Leave every picture behind and copy the rest of the entries below exactly.
[Listed entries — start]
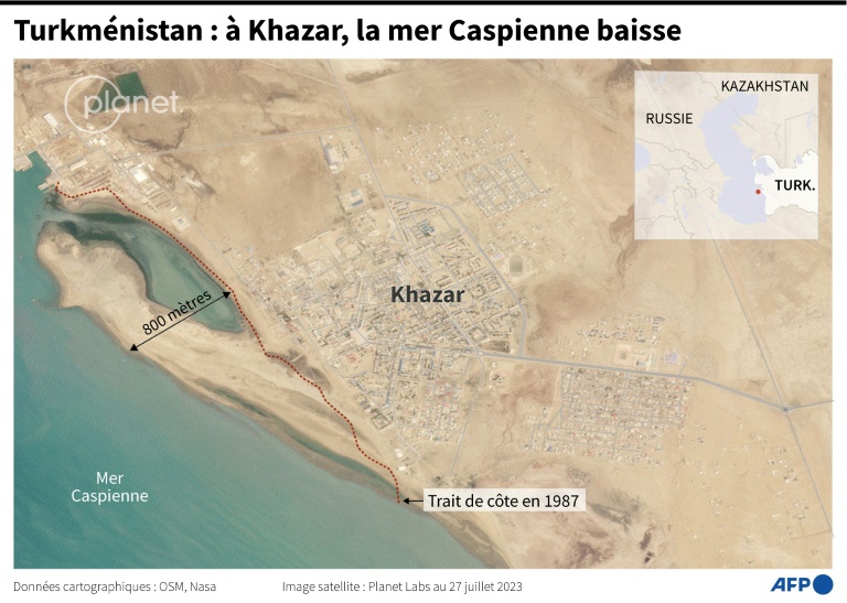 Dans la ville turkmène de Khazar, selon des images satellites, la mer a été repoussée à 800 mètres de la côte. Et au large, une île est même sortie des eaux.
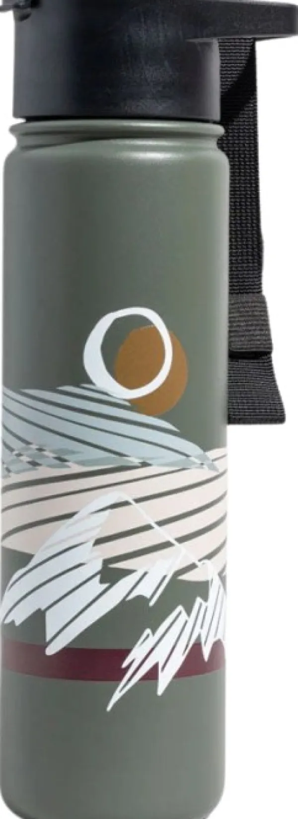 Insulated Steel Bottle -pullossa on sivulla irrotettava kahva, jonka avulla liikuttelet pulloa näppärästi. Kannen muotoilu ja materiaali minimoi vuotoriskin. Ei sisällä BPA:ta.
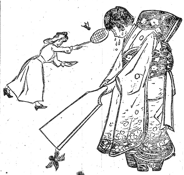 | 身装画像コード | Jnn:[年始のひとと街;正月の行事と遊び] Jsp:[スポーツ・運動・体育をする人々] D0ke:[健康法;体操;体育] D2:[ヘアスタイル] D3ob:[帯の締め方;帯の位置] Wge:[下駄;クロッグ] D6se:[洋装;西洋化;西洋観;ハイカラ;西洋かぶれ;開化ぶり;西洋憧憬] |
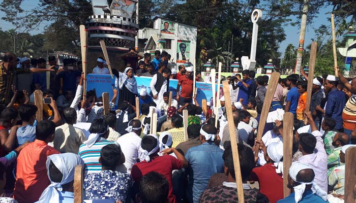 স্থানীয়রা জানান, মাথায় কাফনের কাপড় বেঁধে ও হাতে বৈঠা হাতে রাস্তায় বসে বিক্ষোভ করছেন নেতা-কর্মীরা। এতে সড়কের দুই পাশে বিপুল সংখ্যক যানবাহন আটকা পড়েছে।
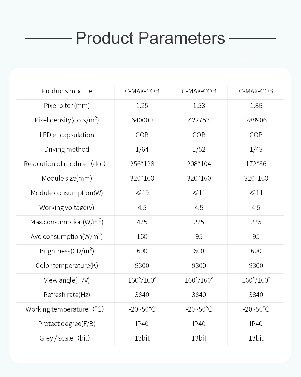 3 優れた互換性: C-Max COB シリーズのピクセル ピッチは 1.25mm、1.53mm、1.86mm で提供され、キャビネットは当社の C-Max シリーズ (P1.2/1.3/1.5/1.6/1.8/2/2.5/3/3.3/4) モジュールと互換性があるため、より高画質を実現するためにソリューションをさらにアップグレードする場合、キャビネットにかかるコストを大幅に節約できます。
[Listed entries — finish]
» Solution:
 Dans la ville turkmène de Khazar, selon des images satellites, la mer a été repoussée à 800 mètres de la côte. Et au large, une île est même sortie des eaux.
 Insulated Steel Bottle -pullossa on sivulla irrotettava kahva, jonka avulla liikuttelet pulloa näppärästi. Kannen muotoilu ja materiaali minimoi vuotoriskin. Ei sisällä BPA:ta.
 | 身装画像コード | Jnn:[年始のひとと街;正月の行事と遊び] Jsp:[スポーツ・運動・体育をする人々] D0ke:[健康法;体操;体育] D2:[ヘアスタイル] D3ob:[帯の締め方;帯の位置] Wge:[下駄;クロッグ] D6se:[洋装;西洋化;西洋観;ハイカラ;西洋かぶれ;開化ぶり;西洋憧憬] |
 স্থানীয়রা জানান, মাথায় কাফনের কাপড় বেঁধে ও হাতে বৈঠা হাতে রাস্তায় বসে বিক্ষোভ করছেন নেতা-কর্মীরা। এতে সড়কের দুই পাশে বিপুল সংখ্যক যানবাহন আটকা পড়েছে।
 3 優れた互換性: C-Max COB シリーズのピクセル ピッチは 1.25mm、1.53mm、1.86mm で提供され、キャビネットは当社の C-Max シリーズ (P1.2/1.3/1.5/1.6/1.8/2/2.5/3/3.3/4) モジュールと互換性があるため、より高画質を実現するためにソリューションをさらにアップグレードする場合、キャビネットにかかるコストを大幅に節約できます。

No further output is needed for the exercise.